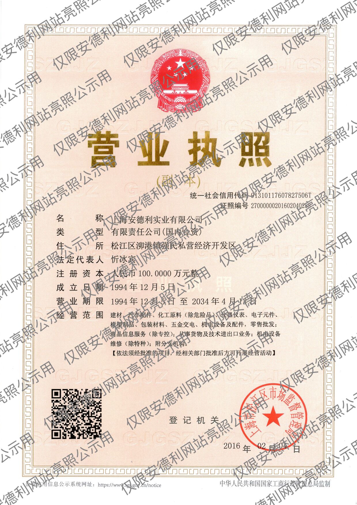 版权所有 2007 上海安德利实业有限公司 营业执照
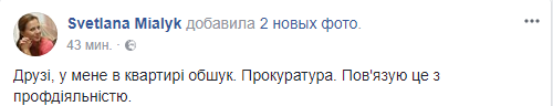 В комментариях к посту журналистки в Facebook внезапно отписалась пресс-секретарь СБУ Елена Гитлянская. Она пишет, что это дело не СБУ, а прокуратуры, и самой Мялик оно не касается.
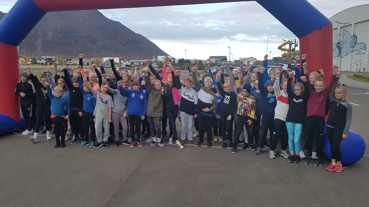 Nemendur 6.-10.bekkjar í Grunnskóla Fjallabyggðar hlupu í Ólympíuhlaupi ÍSÍ í gær.

§ Exercise directions:
Where the line containing "В комментариях к" appears in the data above, begin there and output every line through the last, exactly and without pictures.

§ Result:
 В комментариях к посту журналистки в Facebook внезапно отписалась пресс-секретарь СБУ Елена Гитлянская. Она пишет, что это дело не СБУ, а прокуратуры, и самой Мялик оно не касается.
 Nemendur 6.-10.bekkjar í Grunnskóla Fjallabyggðar hlupu í Ólympíuhlaupi ÍSÍ í gær.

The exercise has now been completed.